O poema estabelece ligações entre a questão feminina, o corpo que se rejeita ou
se oculta (“corpo que disfarço”) e o evidente diálogo com a poesia portuguesa. São
expostas as dissensões internas e pessoais que se interiorizam. O suposto poder de
emancipação do sujeito poético enquanto mulher “senhora de si”, dissipasse na
desavença de omitir o corpo como podemos observar nos versos: “Comigo me desavim
(…) / nem o corpo que disfarço”, e no conflito dos afectos a que o eu lírico está sujeito
como podemos observar no dístico: “recusando o que é desfeito / no interior do meu
peito”. O sujeito poético recusa o modelo de identidade, construído pela sociedade, que
nele se encontrava em constante conflito, recusa o sofrimento, a submissão, o recato que
caracterizava a figura feminina ao longo dos séculos e recusa as regras concebidas pela
sociedade com a tomada de consciência da sua própria identidade. No confronto entre o
instinto feminino, inseparável do seu corpo, e o modelo social de feminino, que
constitui a essência cultural da sua própria identidade, o sujeito poético assume sem
qualquer perplexidade o que o corpo deseja, resultando assim na tão ambicionada
emancipação.
Ainda que num contexto diferente existem traços comuns entre Maria Teresa
Hora e a Sá-Carneiro, nomeadamente a questão da divergência do corpo como é
possível observar-se no poema do poeta modernista Dispersão24. A divergência corporal
perceptível no poema de Sá-Carneiro, evidenciada num narcisismo explícito, “Eu beijo
as minhas mãos brancas…”, e num repúdio corporal, como podemos observar nos
versos: “Tristes mãos longas e lindas / Que eram feitas pra se dar…”, indica o conflito
próprio ao corpo disperso, comum, ainda que com diferentes significados, na poesia de
Maria Teresa Horta. Ambos os poetas vêem com desalento os limites incutidos à
expressão do corpo, visto mais como um objecto de recusa do que de plenitude, e nesse
sentido, a androgenia pode ser a solução simbólica, ou por vezes retórica, para a
discriminação que acompanha a mulher como transgressora.

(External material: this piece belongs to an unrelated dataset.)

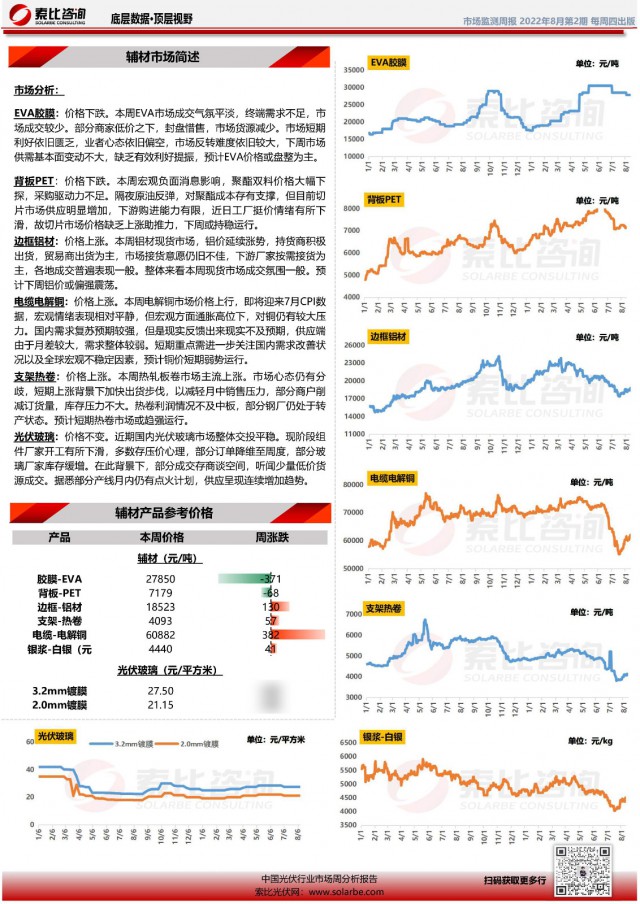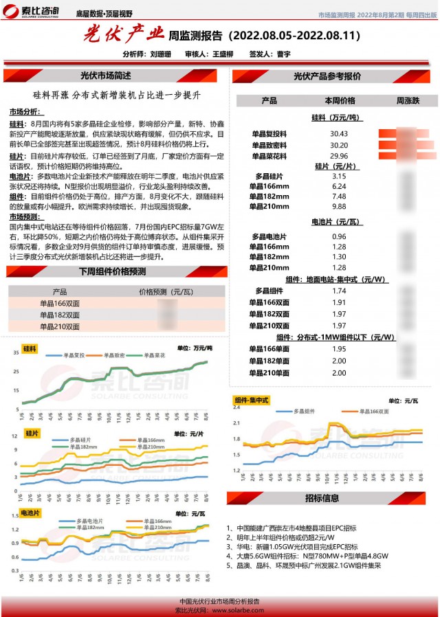 光伏產(chǎn)業(yè)周監(jiān)測報告系索比咨詢對于光伏產(chǎn)業(yè)鏈上下游價格的監(jiān)測與預(yù)報,幫助企業(yè)獲得最實(shí)時的參考價格。每周除了對硅料、硅片、電池片、組件、輔材等價格進(jìn)行追蹤和分析外,亦關(guān)注下游招標(biāo)動態(tài),并對后續(xù)市場趨勢做出研判。
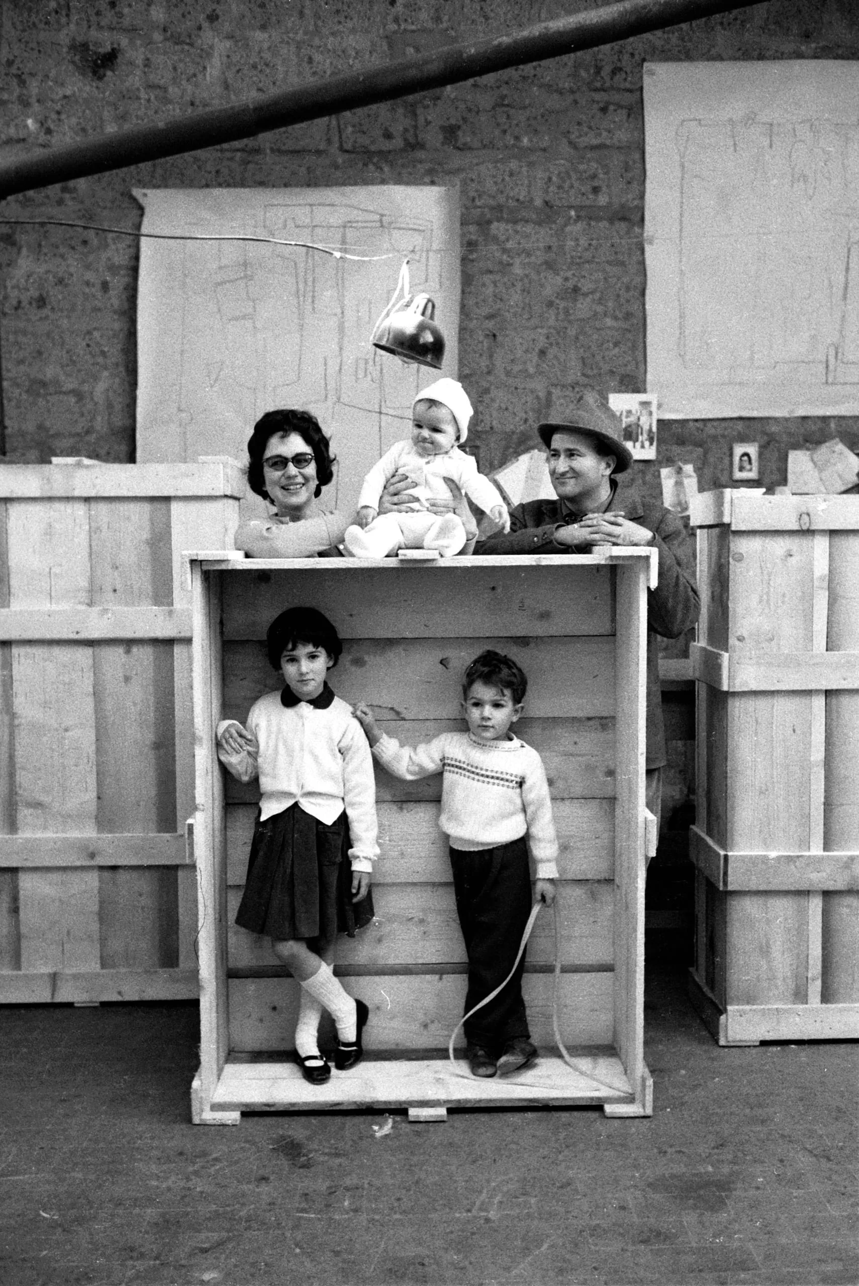 Black and white photograph of two adults and three children posed in and around a large open wooden crate in a warehouse, with soft diffused lighting

O nosso percurso continua com um poema de Alexandre O’Neill (1924-1986),
Sá de Miranda Carneiro25 publicado em 1979. Na criação deste poema O’Neill recorre à
23
HORTA, Maria Teresa. Antologia Poética. Lisboa: Círculo de Leitores, 1994. p. 186. (ver poema em anexo).
24
Ver excerto do poema em Anexo.
25
O’NEILL, Alexandre. Poesias Completas. Lisboa: Assírio & Alvim, 2012. p. 351. (ver poema em anexo).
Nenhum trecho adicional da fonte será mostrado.